Warriors: A Starless Clan
- River (2022); Sky (2022); Shadow (2023); Thunder (2023); Wind (2024); Star (2024);
- Author: Erin Hunter
- Publisher: HarperCollins
- Published: 5 April 2022 – 5 November 2024
- No. of books: 6
- Preceded by: Warriors: The Broken Code
- Followed by: Warriors: Changing Skies

= Warriors: A Starless Clan =

Eighth arc in the Warriors series

Warriors: A Starless Clan is the eighth sub-series ("arc") in Warriors, a juvenile fantasy novel series by Erin Hunter. Consisting of six books, it was published between 2022 and 2024. A Starless Clan follows protagonists Nightheart, Sunbeam and Frostdawn, feral cats who live in Clans. A Starless Clan received mixed reviews from critics.

==Publication history==
- River (5 April 2022)
- Sky (1 November 2022)
- Shadow (4 April 2023)
- Thunder (7 November 2023)
- Wind (2 April 2024)
- Star (5 November 2024)

==Plot summaries==
===Series continuity===
A Starless Clan is the eighth Warriors sub-series ("arc"), set after the events of The Broken Code. It is followed by the ninth arc, Changing Skies.

==Critical reception==
Kirkus Reviews wrote that "a major theme" of River is changing the Clans' code of honor for "whenever a feline Romeo-and-Juliet situation arises". Kirkus Reviews also wrote that River "maintains some of the charm of the series", but criticised it for "trying to pack too much into each chapter" and Curlfeather's "disturbing" death.

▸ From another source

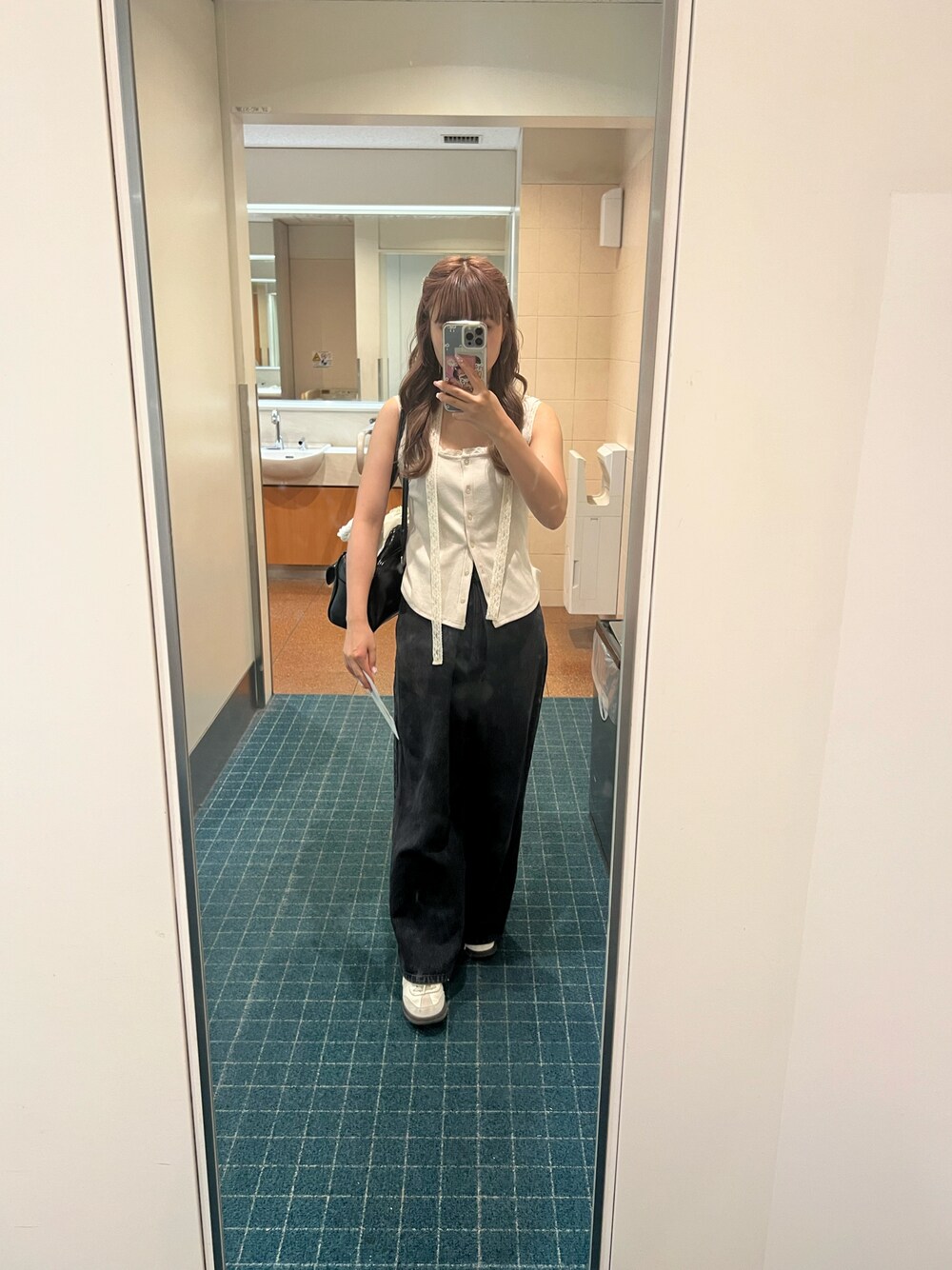 ayano☺︎のデニムパンツ「【3サイズ展開/低身長サイズ】デニムタックワイドパンツ」を使ったコーディネート

A different review by Kirkus Reviews wrote that a theme of Sky is dealing with xenophobia. It also praised Sky for "skillfully [using] the cats' conversations to fill in gaps for readers unfamiliar with the series" and "effortlessly balanc[ing] character traits and job descriptions equally among genders and ages".

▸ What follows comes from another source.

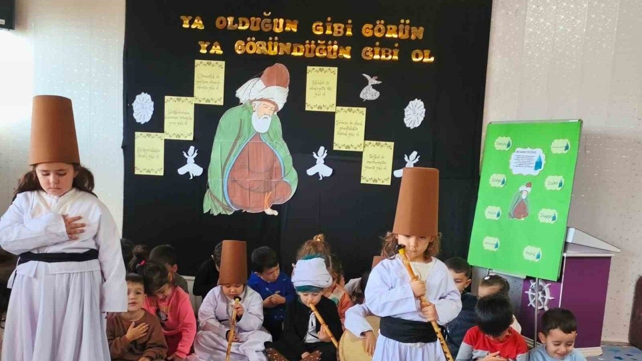 Anamur İlçe Müftülüğüne bağlı Değirmencik Burnu, Müberra Mert ve Yunus Emre 4-6 Yaş Kur’an Kursları tarafından düzenlenen etkinlikte minik öğrenciler, Mevlana’nın hoşgörü, sevgi ve birlik temalı öğretilerini yaşlarına uygun bir dille öğrendi.

Kirkus Reviews wrote that Shadow "gracefully incorporat[es] plot", and presents "finding one's calling and navigating relationships" well to an adolescent audience. It also commented that past chapter 16, the quality "plummets dramatically".

On 15 May 2022, River had been a New York Times Best Seller for four weeks. On 27 November 2022, Sky had been a New York Times Best Seller for two weeks.